Property-based testing¶
Suppose a function \(f(x)\) has a property that \(f(x) > 0\) for all \(x\). A property-based test would verify that f(x) — the code implementation of \(f(x)\) — returns positive output for multiple values of \(x\). The hypothesis package simplifies property-based testing for Python.
Best practices¶
The following list contains suggested practices for testing scientific software and making tests easier to run and maintain. These guidelines are not rigid, and should be treated as general principles should be balanced with each other rather than absolute principles.
Run tests frequently for continual feedback. If we edit a single section of code and discover a new test failure, then we know that the problem is related to that section of code. If we edit numerous sections of code before running tests, then we will have a much harder time isolating the section of code causing problems.

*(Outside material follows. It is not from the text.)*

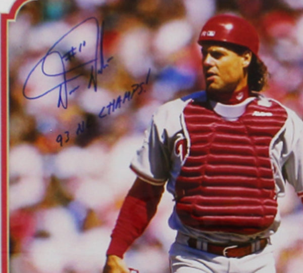 A Philadelphia Phillies Framed 16x20 Dutch MLB Photo hand signed by Darren Daulton. The item and signature are in excellent condition. The frame measures approximately 26x31. In addition to signing his name, Darren inscribed "93 NL Champs!" on the item. Darren "Dutch" Daulton MLB catcher best known for his impactful tenure with the Philadelphia Phillies. He was a three-time All-Star (1992, 1993, 1995) and earned the Silver Slugger Award and NL RBI title (109) in 1992. AUTHENTICATION: The item is accompanied by a JSA Certificate of Authenticity - JSA Serial Numbered Hologram -

Turn bugs into test cases. It is said that “every every bug exists because of a missing test” . After finding a bug, write a minimal failing test that reproduces that bug. Then fix the bug to get the test to pass. Keeping the new test in the test suite will prevent the same bug from being introduced again. Because bugs tend to be clustered around each other, consider adding tests related to the functionality affected by the bug.
Make tests fast. Tests are most valuable when they provide immediate feedback. A test suite that takes a long time to run increases the probability that we will lose track of what we are doing and slows down progress.
Tip
Decorate tests with @pytest.mark.slow if they take ≳0.3 seconds.
@pytest.mark.slow def test_calculate_all_primes() -> None: calculate_all_primes()
Write tests that are easy to understand and change. To fully understand a test failure or modify existing functionality, a contributor will need to understand both the code being tested and the code that is doing the testing. Test code that is difficult to understand makes it harder to fix bugs, especially if the error message is missing or hard to understand, or if the bug is in the test itself. When test code is difficult to change, it is harder to change the corresponding production code. Test code should therefore be kept as high quality as production code.
Write code that is easy to test. Write short functions that do exactly one thing with no side effects. Break up long functions into multiple functions that are smaller and more focused. Use pure functions rather than functions that change the underlying state of the system or depend on non-local variables. Use test-driven development and write tests before writing the code to be tested. When a section of code is difficult to test, consider refactoring it to make it easier to test.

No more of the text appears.